Paper 1 has higher likely impact due to broader relevance and timeliness: it exposes protocol-dependent artifacts in a widely used evaluation paradigm (LLM confidence calibration), offers systematic ablations across models/benchmarks, and provides actionable reporting guidance that can influence many subsequent studies and applications (safety, uncertainty, human-AI interaction). Paper 2 is a useful RLVR training tweak for open-ended QA, but its demonstrated scope is narrower (two medical QA datasets) and may generalize less broadly; its methodological contribution is more incremental compared to reframing and standard-setting in Paper 1.

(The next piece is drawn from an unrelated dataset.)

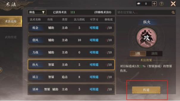 显示“可传道”的术法则是需要消耗1名以该术法为主要术法的武将,传道之后方可解锁该术法给其他武将使用。

vs. MobileExplorer: Accelerating On-Device Inference for Mobile GUI Agents via Online Exploration

gpt-5.25/28/2026

Paper 2 likely has higher impact due to strong real-world applicability (privacy-preserving, low-latency on-device mobile agents), timely relevance, and broader cross-field influence (systems/OS, HCI, mobile computing, VLM agents). It proposes a concrete framework (online exploration + structured memory + rollback) and reports device-level evaluations with latency and success-rate gains, suggesting methodological rigor and deployability. Paper 1 is valuable and conceptually important for LLM evaluation rigor, but its primary contribution is diagnostic/protocol-clarifying rather than enabling new capabilities, so downstream practical impact may be narrower.